**** INPUT DATA
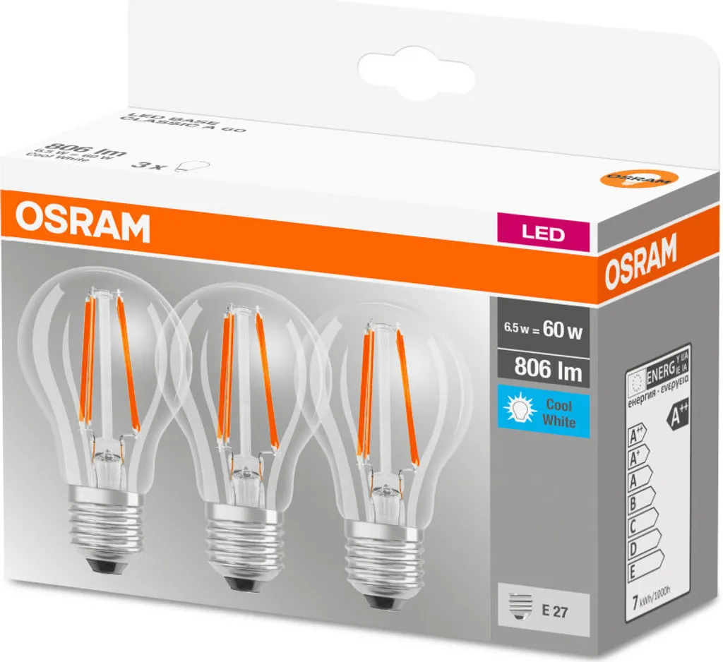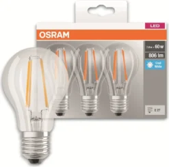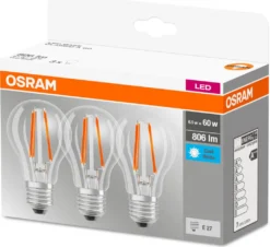 3 x Osram LED Leuchtmittel Base Classic A60 6,5W = 60W E27 klar neutralweiß 4000K
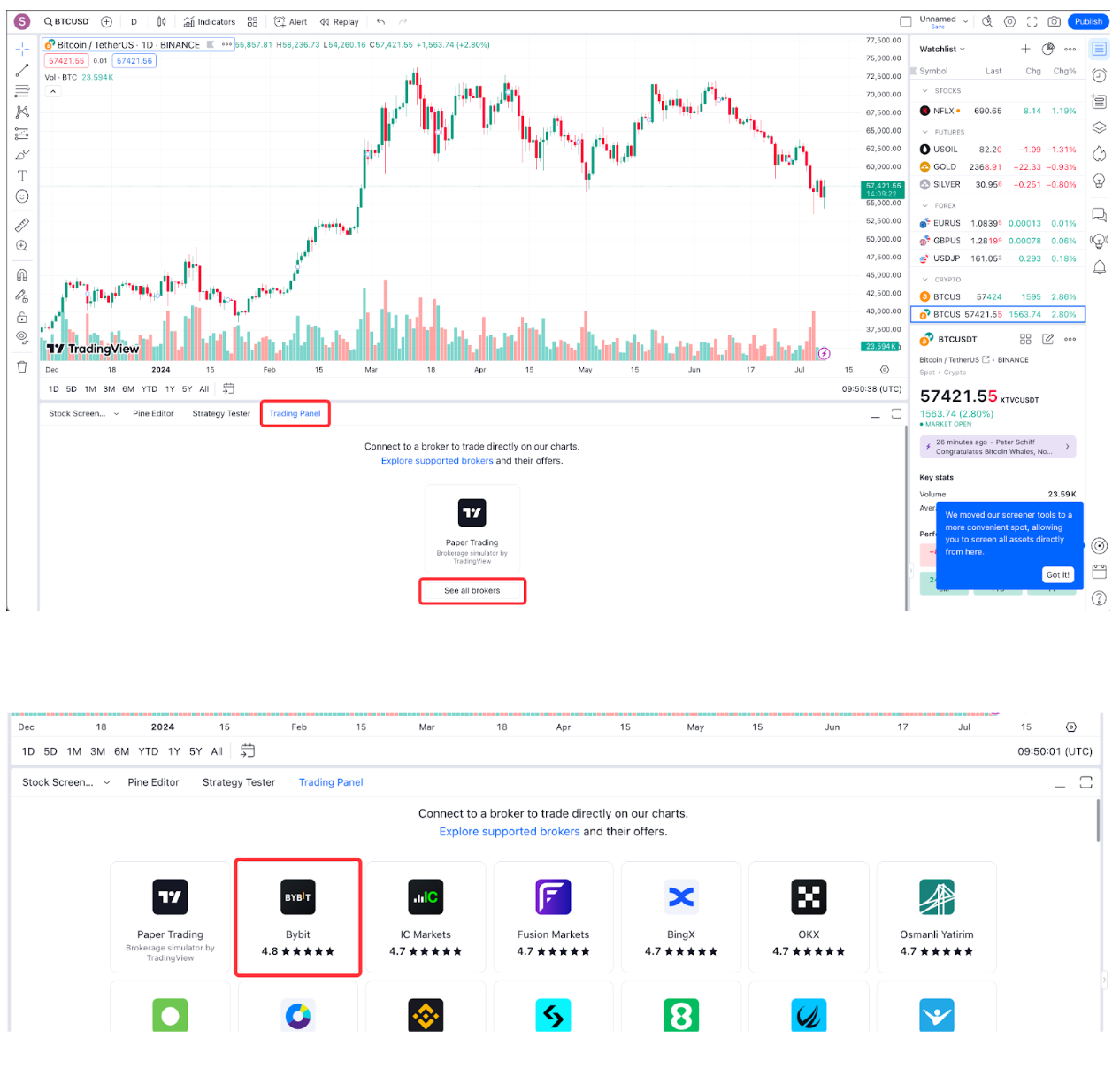 Paso 2: En el Panel de trading, desplázate hasta la sección de brokers admitidos y haz clic en Ver todos los brokers Bybit.
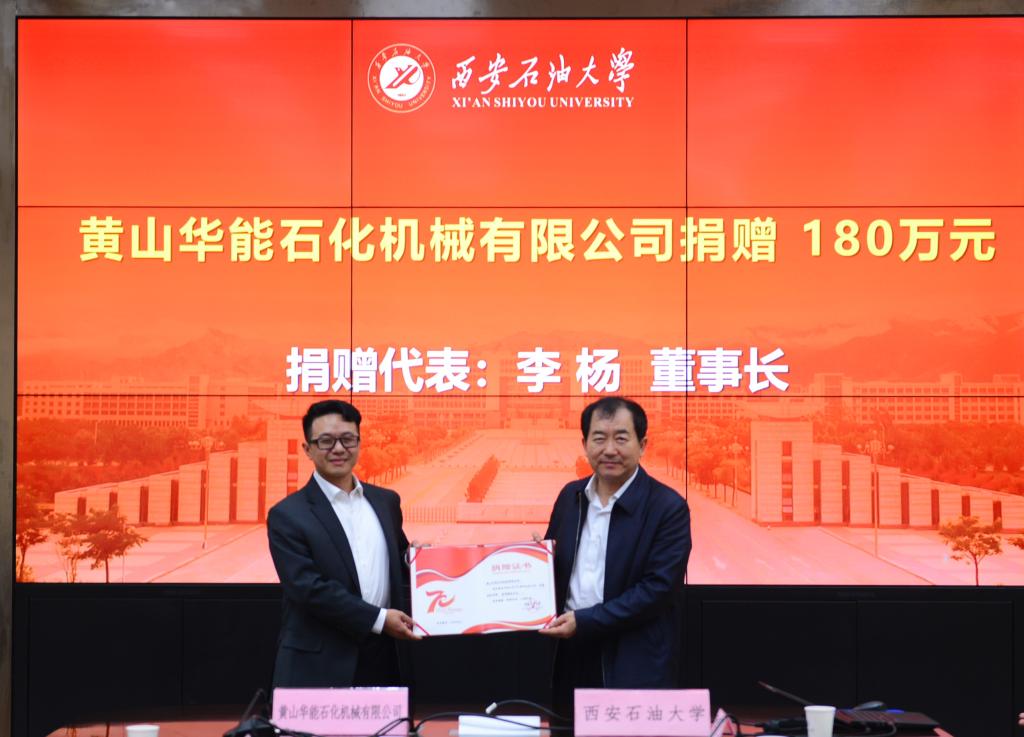 李杨董事长介绍了黄山华能石化机械有限公司的发展历程、主营业务、科技创新、取得成就、发展战略等基本情况。他谈到,母校培育之恩当涌泉相报,在母校建校70周年之际以微薄之力回报母校,是表达对母校培养的感谢、感激、感恩之情,希望双方能够在人才培养、科技研发、技术攻关等多方面开展合作,促进双方互利共赢、共同发展。
********
- REQUIREMENT -
Except for the pictures, give all the material above again verbatim.

- OUTPUT OF THE TASK -
 3 x Osram LED Leuchtmittel Base Classic A60 6,5W = 60W E27 klar neutralweiß 4000K
 Paso 2: En el Panel de trading, desplázate hasta la sección de brokers admitidos y haz clic en Ver todos los brokers Bybit.
 李杨董事长介绍了黄山华能石化机械有限公司的发展历程、主营业务、科技创新、取得成就、发展战略等基本情况。他谈到,母校培育之恩当涌泉相报,在母校建校70周年之际以微薄之力回报母校,是表达对母校培养的感谢、感激、感恩之情,希望双方能够在人才培养、科技研发、技术攻关等多方面开展合作,促进双方互利共赢、共同发展。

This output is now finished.